Lansman made it clear that he would oppose our membership of Momentum and the Labour Party unless we wound up our paper and organisation.
He was also now opposed to mandatory reselection, which he had supported in the past. We implacably opposed this, as did increasingly members of the Labour Party and Momentum who were then sidelined or driven out.
We did not remain on the 'sidelines' but fought for this demand to become a central part of the programme of the Labour Party.
It was a Socialist Party member along with others on Unite's Executive Council who fought for the union to support Corbyn; it was one of our members (Kevin Parslow) who moved the successful resolution which committed Unite at its annual conference to support mandatory reselection. The same approach was adopted in other unions.
We would be interested to know where and how the IMT has had a similar success on this crucial issue for the success of Corbyn and his policies.
The truth is they will not be able to report on any similar interventions simply because they have very little influence on the ground within the unions or within the Labour Party for that matter.
However, this has not hindered them in pursuing a 'sectarian policy' when it comes to our right to be members of the Labour Party or Momentum.
Sewell challenges us to provide evidence of where and when IMT members have either implicitly or explicitly supported our exclusion from the Labour Party and Momentum. We give here just some of the incidents where this has taken place.
In Coventry, “Darrell Cozens tried to get us excluded from Momentum meetings on a number of occasions because ‘we stood candidates’ and they were discussing ‘Labour Party business’. He lost the vote each time. He also went especially to Nuneaton Momentum to argue for our exclusion and again lost the vote.”
In the founding meeting of Momentum in Worcester, the organiser of the meeting, together with Andy Fenwick (IMT), approached one of our comrades to say she was not allowed to attend because she was a Socialist Party member.
In Hackney, Claire Laker-Mansfield writes:
"Mark Best and I attended a meeting of Hackney Momentum last summer. Dan Morley, a full-timer for Socialist Appeal also took part. The self-appointed leaders of Momentum argued that Hackney Momentum 'couldn't' discuss questions like mandatory reselection as they were matters that were 'internal to the Labour party' and could not be discussed with 'non-Labour members in the room'... This produced a near 50-50 split in the meeting, and we lost discussing the issues by a margin of one.
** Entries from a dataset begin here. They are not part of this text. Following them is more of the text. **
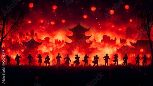 Folk dancers in vibrant costumes performing in front of a temple, surrounded by cultural exhibits and food stalls in vector papercut style
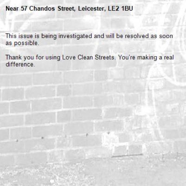 -57 Chandos Street, Leicester, LE2 1BU 28/01/2026 15:11 This issue is being investigated and will be resolved as soon as possible. Thank you for using Love Clean Streets. You’re making a real difference.
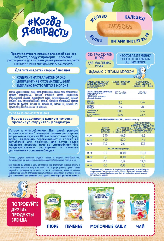 Когда Я вырасту Печенье «Обогащенное железом»
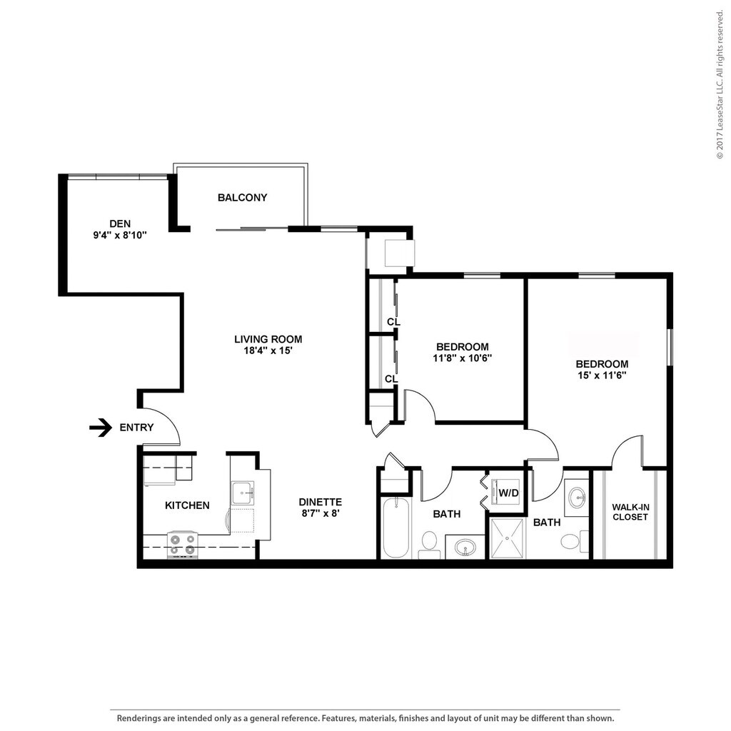 Traditional 1 Bedroom with Den - Floorplan 2 ![]()
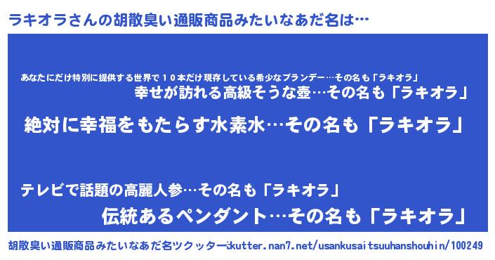 | ヘコむあだ名 | 『ラキオラ(遠い目)』『ラキっちょ』 |
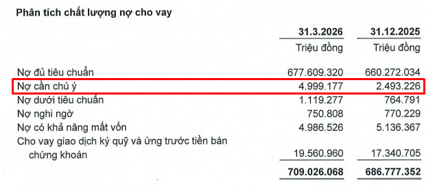 Tuy nhiên, diễn biến bên trong cơ cấu nợ cho thấy áp lực tiềm ẩn khi nợ dưới tiêu chuẩn tăng mạnh và đặc biệt là nợ cần chú ý (nhóm 2) đã tăng gấp đôi so với đầu năm, lên xấp xỉ 5.000 tỷ đồng. Đây là nhóm nợ có khả năng chuyển thành nợ xấu trong tương lai nếu không được kiểm soát hiệu quả.
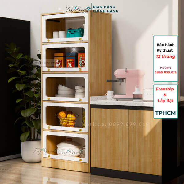 Kệ nhà bếp để chén 5 tầng là giải pháp lý tưởng để nâng tầm không gian bếp của bạn. Với thiết kế tinh tế, đa dạng và chức năng tiện ích, kệ nhà bếp không chỉ giúp lưu trữ đồ dùng một cách ngăn nắp mà còn tạo nên sự sang trọng, hiện đại cho gian bếp. Sản phẩm được làm từ chất liệu gỗ MDF cao cấp, hạn chế trầy xước bề mặt, xử lý chống thấm bề mặt và dễ dàng vệ sinh, đảm bảo độ bền đẹp trong suốt quá trình sử dụng.
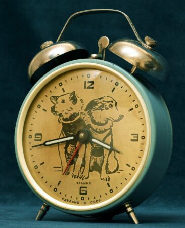 Réveil-matin de la Fabrique d’Horloges d’Orel célébrant le vol orbital en 1960 des chiennes Strelka et Belka. Ce cadran a été placé dans plusieurs modèles de réveil, mais plusieurs autre cadran figurant Strelka et Belka sont des faux.
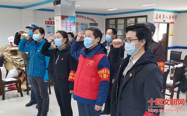 十堰市茅箭区武当路街道临时党支部召开支部主题党日活动重温入党誓词。
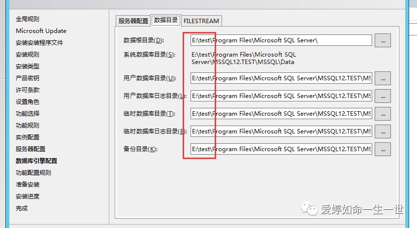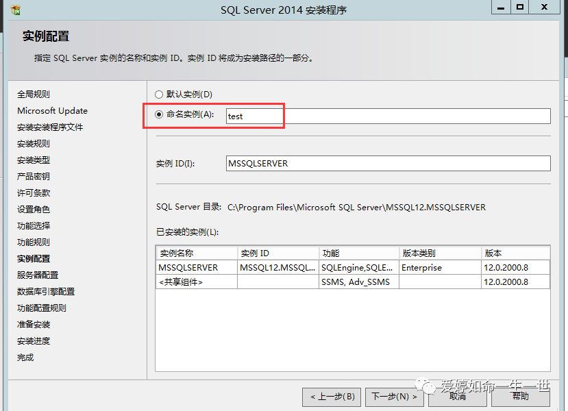 在实例配置中,定义命名实例为test。不要选择默认实例否则会报错
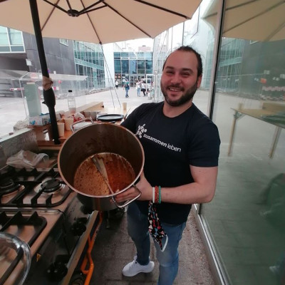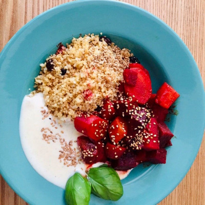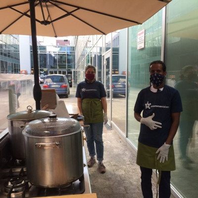 Lecker to go im "zusammen kaffee" - und abends dann an der Bahnhofsmission für Menschen ohne Wohnung: Gemüsetajine mit Couscous, Zitronenjoghurt und Sesam 😋
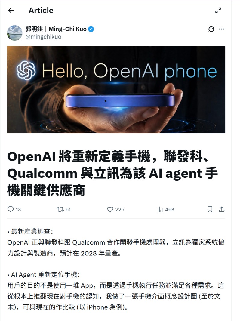 郭明錤表示,无论立讯如何努力,在苹果供应链的整机组装地位上都很难超越鸿海;正因如此,获得OpenAI手机独家系统协力设计与制造商身份,对立讯具有非同寻常的战略价值。郭明錤认为,立讯有望凭借此次提前布局,在下一个手机世代确立领先的受益者地位,实现苹果供应链之外的重要增长支点。
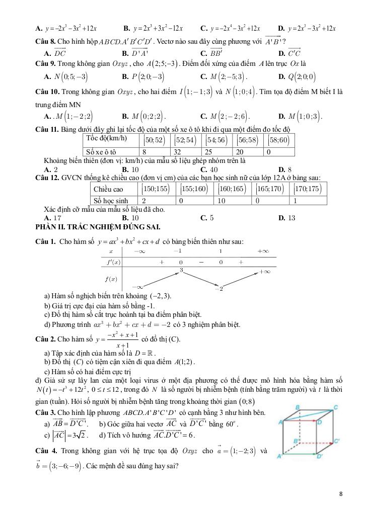 2. Các Bài Tập Đặc Trưng trong đề cương học kì 1 toán 12 năm 2025 – 2026 trường thcs-thpt bàu hàm – đồng nai
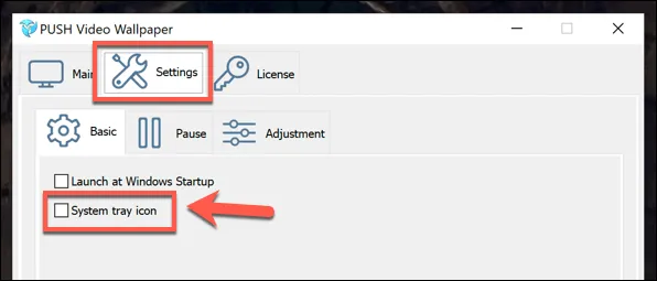 To hide your Push Video Wallpapers window from view, you can minimize it. You can also add it as a system tray icon (hiding it to the notifications area in your taskbar) by clicking Settings > Basic > System Tray Icon .

"Throughout this discussion - which essentially became a debate about what role Momentum could play (if any) in the civil war within Labour - Dan Morley remained completely silent. When he did intervene, Dan Morley made his first and only contribution to a meeting which had consisted of intense debate - essentially over whether or not Momentum should organise to take on the right... He argued that it was 'perfectly reasonable' for Socialist Party members to be excluded from the Labour party and Momentum due to our role in the Trade Unionist and Socialist Coalition - which has stood in elections against cuts-making councillors.
"He went on to say that we had 'no right' to comment on the strategy and tactics of Momentum and their self-appointed leaders (both locally and nationally) as we were not Labour Party members."
The IMT has had a few of its own members expelled but in line with its quietist approach it has hardly uttered a peep about this.
It is 'waiting' for a movement, with the right wing 'eventually' and magically conjured away sometime in the future.
The battle today, to change the Labour Party, cannot be won - so settle down and accept the status quo! This is the approach of Sewell, of the IMT and, unfortunately, of a few other left organisations.
The idea of fighting to change the Labour Party politically and organisationally is indefinitely postponed for them.
They have not supported our demands, which are supported by a growing number of rank-and-file Labour Party members and trade unionists, to reopen the whole question of affiliation of all socialist organisations to the Labour Party.
Sewell refuses to answer our argument in relation to the Co-operative Party which is affiliated - and whether or not his organisation would support a similar arrangement for all socialist organisations.
Their members and others have quite falsely implied that when we were members of the Labour Party we would have opposed other organisations outside the Labour Party, like the SWP from affiliating even when the argument was used that "they have stood against the Labour Party".
This is the argument of the right wing, who in contrast in the past were entirely relaxed with the acceptance of renegade Tories not just into the party but into the last 'Labour' government.
We politically opposed the SWP because at that stage the Labour Party was the main arena for working-class political struggle.
There was also great latitude for the left to put forward its position and to take control of parts of the Labour Party, for instance in Liverpool.
If the SWP had applied to join the Labour Party then or now we would not have opposed this. This is a principled position, fighting for an open and democratic federation, which is foreign to the IMT and its supporters.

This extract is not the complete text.